▶ Prompt
An exact copy of all entries is the expected answer.

▶ Given entries
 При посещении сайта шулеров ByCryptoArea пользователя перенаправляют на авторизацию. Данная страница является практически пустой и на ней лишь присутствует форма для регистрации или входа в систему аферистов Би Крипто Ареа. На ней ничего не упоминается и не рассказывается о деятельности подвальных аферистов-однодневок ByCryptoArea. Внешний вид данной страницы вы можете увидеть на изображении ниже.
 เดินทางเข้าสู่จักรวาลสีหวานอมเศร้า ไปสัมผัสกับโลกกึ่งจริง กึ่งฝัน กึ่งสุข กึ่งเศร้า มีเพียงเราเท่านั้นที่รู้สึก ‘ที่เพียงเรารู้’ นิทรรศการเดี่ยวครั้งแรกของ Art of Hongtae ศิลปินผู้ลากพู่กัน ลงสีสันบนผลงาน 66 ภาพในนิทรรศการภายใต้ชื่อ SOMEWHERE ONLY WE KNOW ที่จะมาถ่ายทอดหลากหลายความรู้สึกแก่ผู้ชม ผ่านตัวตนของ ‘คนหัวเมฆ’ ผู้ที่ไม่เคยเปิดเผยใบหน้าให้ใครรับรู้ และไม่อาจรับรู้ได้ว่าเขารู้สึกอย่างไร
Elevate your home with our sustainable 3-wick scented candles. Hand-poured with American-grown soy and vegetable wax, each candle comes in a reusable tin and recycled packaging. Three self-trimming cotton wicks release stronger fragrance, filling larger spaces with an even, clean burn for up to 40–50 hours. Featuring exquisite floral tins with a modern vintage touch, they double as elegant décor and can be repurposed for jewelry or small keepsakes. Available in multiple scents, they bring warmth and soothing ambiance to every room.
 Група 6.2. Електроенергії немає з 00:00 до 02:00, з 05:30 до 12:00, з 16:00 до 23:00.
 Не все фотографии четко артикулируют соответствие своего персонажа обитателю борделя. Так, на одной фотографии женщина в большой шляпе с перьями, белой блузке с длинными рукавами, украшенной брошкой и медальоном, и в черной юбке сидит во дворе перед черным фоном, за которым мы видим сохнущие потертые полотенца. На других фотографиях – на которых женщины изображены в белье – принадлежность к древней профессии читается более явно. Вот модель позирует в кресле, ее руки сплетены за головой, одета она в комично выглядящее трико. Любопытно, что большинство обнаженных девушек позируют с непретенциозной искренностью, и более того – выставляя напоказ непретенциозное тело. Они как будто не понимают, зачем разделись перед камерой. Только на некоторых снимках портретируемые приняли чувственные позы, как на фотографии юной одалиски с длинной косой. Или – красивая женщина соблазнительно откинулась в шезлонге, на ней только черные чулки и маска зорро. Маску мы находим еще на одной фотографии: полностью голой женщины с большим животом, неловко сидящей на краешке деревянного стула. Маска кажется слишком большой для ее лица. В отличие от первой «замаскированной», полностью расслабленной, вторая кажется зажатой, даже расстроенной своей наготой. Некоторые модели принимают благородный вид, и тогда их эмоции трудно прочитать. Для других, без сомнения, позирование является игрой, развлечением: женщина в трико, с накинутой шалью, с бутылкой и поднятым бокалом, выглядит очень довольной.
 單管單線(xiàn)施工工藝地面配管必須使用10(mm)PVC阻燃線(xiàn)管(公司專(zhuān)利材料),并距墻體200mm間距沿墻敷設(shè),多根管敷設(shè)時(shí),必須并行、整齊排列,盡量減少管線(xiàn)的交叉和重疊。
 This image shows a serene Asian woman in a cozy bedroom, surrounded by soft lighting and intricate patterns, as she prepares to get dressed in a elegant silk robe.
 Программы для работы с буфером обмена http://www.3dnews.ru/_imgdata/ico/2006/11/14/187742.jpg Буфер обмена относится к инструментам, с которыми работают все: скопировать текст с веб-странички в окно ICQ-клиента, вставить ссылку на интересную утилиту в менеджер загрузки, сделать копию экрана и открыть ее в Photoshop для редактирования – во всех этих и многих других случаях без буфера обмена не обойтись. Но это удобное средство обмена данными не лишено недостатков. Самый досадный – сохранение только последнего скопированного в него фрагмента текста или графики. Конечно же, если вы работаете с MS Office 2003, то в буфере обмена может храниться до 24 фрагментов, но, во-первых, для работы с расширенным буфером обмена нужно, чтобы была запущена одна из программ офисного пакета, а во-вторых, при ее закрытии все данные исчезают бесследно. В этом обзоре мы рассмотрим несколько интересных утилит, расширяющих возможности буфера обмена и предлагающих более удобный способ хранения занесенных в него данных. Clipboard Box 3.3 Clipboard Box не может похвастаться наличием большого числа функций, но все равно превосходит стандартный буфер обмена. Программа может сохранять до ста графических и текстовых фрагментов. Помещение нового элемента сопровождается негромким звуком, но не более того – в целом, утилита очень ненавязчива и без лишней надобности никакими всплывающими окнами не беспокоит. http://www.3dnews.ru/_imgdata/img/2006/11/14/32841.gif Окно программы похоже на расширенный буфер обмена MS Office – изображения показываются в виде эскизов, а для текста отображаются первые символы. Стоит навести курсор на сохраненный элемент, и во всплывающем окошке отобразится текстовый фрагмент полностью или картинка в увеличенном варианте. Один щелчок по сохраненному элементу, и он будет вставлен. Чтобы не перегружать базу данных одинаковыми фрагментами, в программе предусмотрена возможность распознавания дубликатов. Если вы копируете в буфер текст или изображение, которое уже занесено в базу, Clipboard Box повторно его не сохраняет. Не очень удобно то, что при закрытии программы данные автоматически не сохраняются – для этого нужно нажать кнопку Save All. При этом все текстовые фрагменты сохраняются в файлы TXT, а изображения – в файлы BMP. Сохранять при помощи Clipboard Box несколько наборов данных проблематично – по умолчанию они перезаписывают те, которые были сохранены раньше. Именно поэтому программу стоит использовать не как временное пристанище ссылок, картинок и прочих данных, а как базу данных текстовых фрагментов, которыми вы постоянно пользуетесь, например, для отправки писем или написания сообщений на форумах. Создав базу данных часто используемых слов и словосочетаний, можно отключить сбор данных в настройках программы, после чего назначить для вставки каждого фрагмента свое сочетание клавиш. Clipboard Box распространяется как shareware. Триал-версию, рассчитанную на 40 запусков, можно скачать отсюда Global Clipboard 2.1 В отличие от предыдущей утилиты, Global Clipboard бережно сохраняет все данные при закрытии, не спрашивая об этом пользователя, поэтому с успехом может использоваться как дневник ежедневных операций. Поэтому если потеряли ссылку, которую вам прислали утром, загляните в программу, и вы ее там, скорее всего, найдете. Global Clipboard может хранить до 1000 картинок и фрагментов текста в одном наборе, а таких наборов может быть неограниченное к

▶ Answer space
 При посещении сайта шулеров ByCryptoArea пользователя перенаправляют на авторизацию. Данная страница является практически пустой и на ней лишь присутствует форма для регистрации или входа в систему аферистов Би Крипто Ареа. На ней ничего не упоминается и не рассказывается о деятельности подвальных аферистов-однодневок ByCryptoArea. Внешний вид данной страницы вы можете увидеть на изображении ниже.
 เดินทางเข้าสู่จักรวาลสีหวานอมเศร้า ไปสัมผัสกับโลกกึ่งจริง กึ่งฝัน กึ่งสุข กึ่งเศร้า มีเพียงเราเท่านั้นที่รู้สึก ‘ที่เพียงเรารู้’ นิทรรศการเดี่ยวครั้งแรกของ Art of Hongtae ศิลปินผู้ลากพู่กัน ลงสีสันบนผลงาน 66 ภาพในนิทรรศการภายใต้ชื่อ SOMEWHERE ONLY WE KNOW ที่จะมาถ่ายทอดหลากหลายความรู้สึกแก่ผู้ชม ผ่านตัวตนของ ‘คนหัวเมฆ’ ผู้ที่ไม่เคยเปิดเผยใบหน้าให้ใครรับรู้ และไม่อาจรับรู้ได้ว่าเขารู้สึกอย่างไร
Elevate your home with our sustainable 3-wick scented candles. Hand-poured with American-grown soy and vegetable wax, each candle comes in a reusable tin and recycled packaging. Three self-trimming cotton wicks release stronger fragrance, filling larger spaces with an even, clean burn for up to 40–50 hours. Featuring exquisite floral tins with a modern vintage touch, they double as elegant décor and can be repurposed for jewelry or small keepsakes. Available in multiple scents, they bring warmth and soothing ambiance to every room.
 Група 6.2. Електроенергії немає з 00:00 до 02:00, з 05:30 до 12:00, з 16:00 до 23:00.
 Не все фотографии четко артикулируют соответствие своего персонажа обитателю борделя. Так, на одной фотографии женщина в большой шляпе с перьями, белой блузке с длинными рукавами, украшенной брошкой и медальоном, и в черной юбке сидит во дворе перед черным фоном, за которым мы видим сохнущие потертые полотенца. На других фотографиях – на которых женщины изображены в белье – принадлежность к древней профессии читается более явно. Вот модель позирует в кресле, ее руки сплетены за головой, одета она в комично выглядящее трико. Любопытно, что большинство обнаженных девушек позируют с непретенциозной искренностью, и более того – выставляя напоказ непретенциозное тело. Они как будто не понимают, зачем разделись перед камерой. Только на некоторых снимках портретируемые приняли чувственные позы, как на фотографии юной одалиски с длинной косой. Или – красивая женщина соблазнительно откинулась в шезлонге, на ней только черные чулки и маска зорро. Маску мы находим еще на одной фотографии: полностью голой женщины с большим животом, неловко сидящей на краешке деревянного стула. Маска кажется слишком большой для ее лица. В отличие от первой «замаскированной», полностью расслабленной, вторая кажется зажатой, даже расстроенной своей наготой. Некоторые модели принимают благородный вид, и тогда их эмоции трудно прочитать. Для других, без сомнения, позирование является игрой, развлечением: женщина в трико, с накинутой шалью, с бутылкой и поднятым бокалом, выглядит очень довольной.
 單管單線(xiàn)施工工藝地面配管必須使用10(mm)PVC阻燃線(xiàn)管(公司專(zhuān)利材料),并距墻體200mm間距沿墻敷設(shè),多根管敷設(shè)時(shí),必須并行、整齊排列,盡量減少管線(xiàn)的交叉和重疊。
 This image shows a serene Asian woman in a cozy bedroom, surrounded by soft lighting and intricate patterns, as she prepares to get dressed in a elegant silk robe.
 Программы для работы с буфером обмена http://www.3dnews.ru/_imgdata/ico/2006/11/14/187742.jpg Буфер обмена относится к инструментам, с которыми работают все: скопировать текст с веб-странички в окно ICQ-клиента, вставить ссылку на интересную утилиту в менеджер загрузки, сделать копию экрана и открыть ее в Photoshop для редактирования – во всех этих и многих других случаях без буфера обмена не обойтись. Но это удобное средство обмена данными не лишено недостатков. Самый досадный – сохранение только последнего скопированного в него фрагмента текста или графики. Конечно же, если вы работаете с MS Office 2003, то в буфере обмена может храниться до 24 фрагментов, но, во-первых, для работы с расширенным буфером обмена нужно, чтобы была запущена одна из программ офисного пакета, а во-вторых, при ее закрытии все данные исчезают бесследно. В этом обзоре мы рассмотрим несколько интересных утилит, расширяющих возможности буфера обмена и предлагающих более удобный способ хранения занесенных в него данных. Clipboard Box 3.3 Clipboard Box не может похвастаться наличием большого числа функций, но все равно превосходит стандартный буфер обмена. Программа может сохранять до ста графических и текстовых фрагментов. Помещение нового элемента сопровождается негромким звуком, но не более того – в целом, утилита очень ненавязчива и без лишней надобности никакими всплывающими окнами не беспокоит. http://www.3dnews.ru/_imgdata/img/2006/11/14/32841.gif Окно программы похоже на расширенный буфер обмена MS Office – изображения показываются в виде эскизов, а для текста отображаются первые символы. Стоит навести курсор на сохраненный элемент, и во всплывающем окошке отобразится текстовый фрагмент полностью или картинка в увеличенном варианте. Один щелчок по сохраненному элементу, и он будет вставлен. Чтобы не перегружать базу данных одинаковыми фрагментами, в программе предусмотрена возможность распознавания дубликатов. Если вы копируете в буфер текст или изображение, которое уже занесено в базу, Clipboard Box повторно его не сохраняет. Не очень удобно то, что при закрытии программы данные автоматически не сохраняются – для этого нужно нажать кнопку Save All. При этом все текстовые фрагменты сохраняются в файлы TXT, а изображения – в файлы BMP. Сохранять при помощи Clipboard Box несколько наборов данных проблематично – по умолчанию они перезаписывают те, которые были сохранены раньше. Именно поэтому программу стоит использовать не как временное пристанище ссылок, картинок и прочих данных, а как базу данных текстовых фрагментов, которыми вы постоянно пользуетесь, например, для отправки писем или написания сообщений на форумах. Создав базу данных часто используемых слов и словосочетаний, можно отключить сбор данных в настройках программы, после чего назначить для вставки каждого фрагмента свое сочетание клавиш. Clipboard Box распространяется как shareware. Триал-версию, рассчитанную на 40 запусков, можно скачать отсюда Global Clipboard 2.1 В отличие от предыдущей утилиты, Global Clipboard бережно сохраняет все данные при закрытии, не спрашивая об этом пользователя, поэтому с успехом может использоваться как дневник ежедневных операций. Поэтому если потеряли ссылку, которую вам прислали утром, загляните в программу, и вы ее там, скорее всего, найдете. Global Clipboard может хранить до 1000 картинок и фрагментов текста в одном наборе, а таких наборов может быть неограниченное к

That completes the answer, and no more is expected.